How DNS system is structured?

The DNS hierarchy is composed of:

Authoritative name server: The server that actually contains the map between a domain and its IP address.
Root DNS server: They forward the DNS request to the proper TLD server. There are 13 root servers in the world.
Top Level Domain server: There is one for each domain (.com, .net...)
Recursive server: Lies in between the Root server and the Authoritative name server.
Caching server.
Forward server: Mainly used in organizations to centralize DNS requests.

How nodes can check if data get from another node is not corrupted?

Use checksum.

What is heart-beat message in system design?

It is a way that servers can broadcast that they are up and running. Servers periodically send this heart-beat message that will be used by their pairs to know if it is available to receive requests. This reduces the number of requests without responses (which improve latency).

What is an alternative to quorums?

Leader-Follower strategy. In this design, a single node is responsible to manage the reads and writings. Requests arrive to the Leader that trigger read/write operations on the Followers.

One advantage is that the leader can do a quick poll on the nodes to check which one has the most updated data before returning, improving consistency. But it also has the disadvantage of becoming a bottleneck.

Where a Bloom filter is used?

In every scenario where data lookup is expensive. Before doing a data lookup, we check if the data is present. If the data is not present, we do not need to do the lookup.

What is a Bloom filter?

It is a bitmap used to detect the presence of data. For each data, k hash functions are executed and the corresponding positions in the bitmap are set to 1. An entry is definitely not present if there is at least one corresponding position in the bitmap that is set to 0.

What are the differences between WebSockets and SSE

WebSockets offers a full-duplex communication between client and server while in SSE only the server can keep sending data to client.
WebSockets is a protocol itself that needs to be implemented, where SSE is more like a technique that operates on HTTP.
WebSockets are more complex to implement because it might need extra configuration of proxies and firewalls. SSE is much simpler because it is a feature of HTTP.

What are the differences between Pooling and Long Pooling?

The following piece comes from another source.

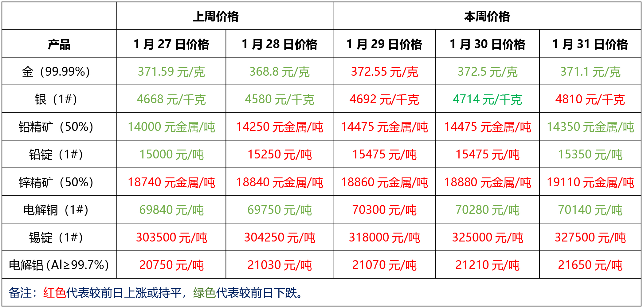 金、銀、鉛、鋅、銅、鋁等主要金屬本周報(bào)價(jià)

The first strategy needs regular requests from the client with a majority of them being empty. The later replies only when new data is available.

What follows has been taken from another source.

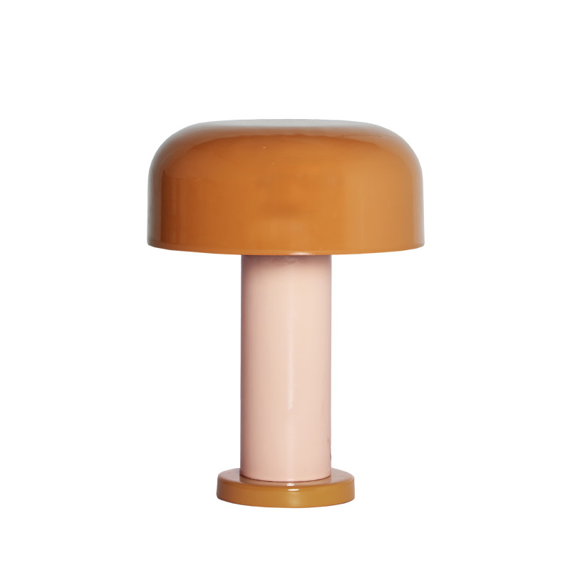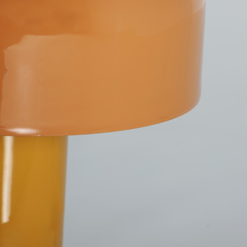 Lampara de sobremesa Albate de estilo moderno, fabricado en hierro en color ambar en color mostaza en color azul petroleo.

What are common techniques to enable client server communication?

Request/Response
Polling
Long Polling
WebSocket
Server-Sent-Events

2025-03-06

How redundancy is implemented in a consistent hashing?

Redundancy is implemented by storing the entry in the node associated to its hash value and in the next R nodes in the ring (clockwise). The value R is the number of copies and it is a parameter of a consistent hashing implementation.

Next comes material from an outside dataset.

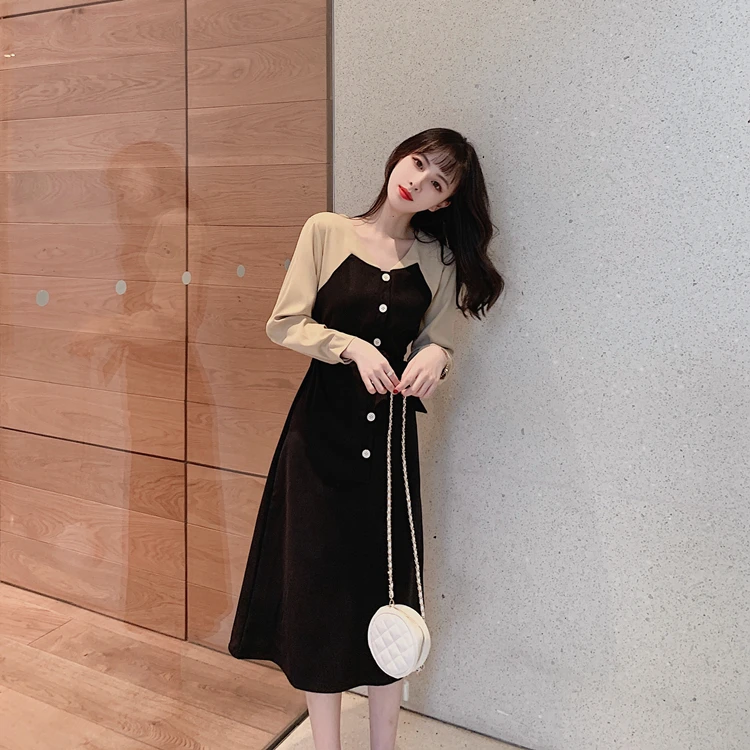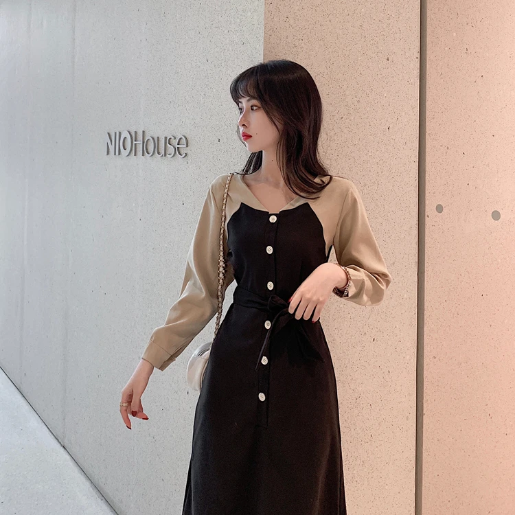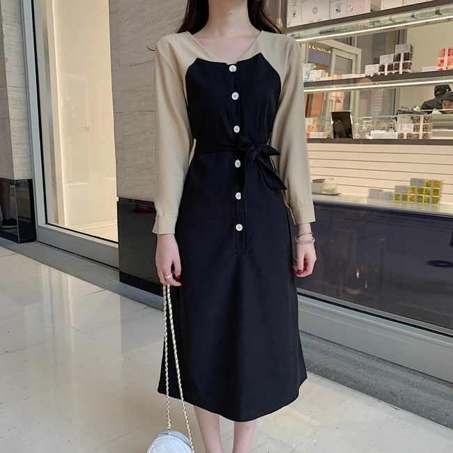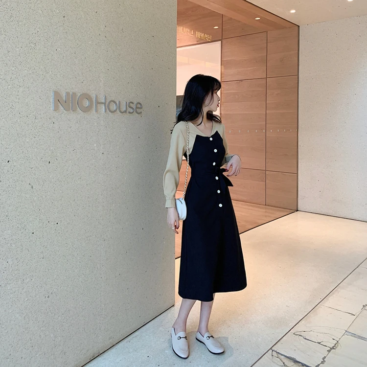 Черная Базовая Платья Длинные женские зимние базовая весенняя одежда с длинными рукавами в стиле пэчворк Рубашка-Платье на пуговицах из искусственного меха, состоящие из двух частей, 1212

What is consistent hashing?

Consistent hashing was developed to solve a common issue with data partition.

When partitioning data, we apply a hash function to a group of its columns (or id) and then compute the hash modulo N to decide in which partition to store the entry.

The problem with this approach is that as soon as we add a new node we need to reassign all the data because the hash is invalidated.

For example, I had 5 nodes and I was using modulo 5 to decide which node to store an entry. With 6 nodes I need to compute modulo 6. The id 12 is not more stored in node 2, but in node 0.

Consistent hashing assigns a range of the hash function image to each node. This is done by assigning a hash value (token) to each node and arranging them around a ring. The range for node N consists into all entries which the hash function falls between the token of N and the token of next node minus 1.

We can minimize the creation of bottlenecks (hotspots) by using virtual nodes. Virtual nodes are mapped to a real node, but they act as nodes in the sense that they are spread over the ring as well.

How redundancy can improve reliability of a system?

First, it is always a good idea to have a copy of data in case of data loss. This was already common knowledge before the born of distributed systems.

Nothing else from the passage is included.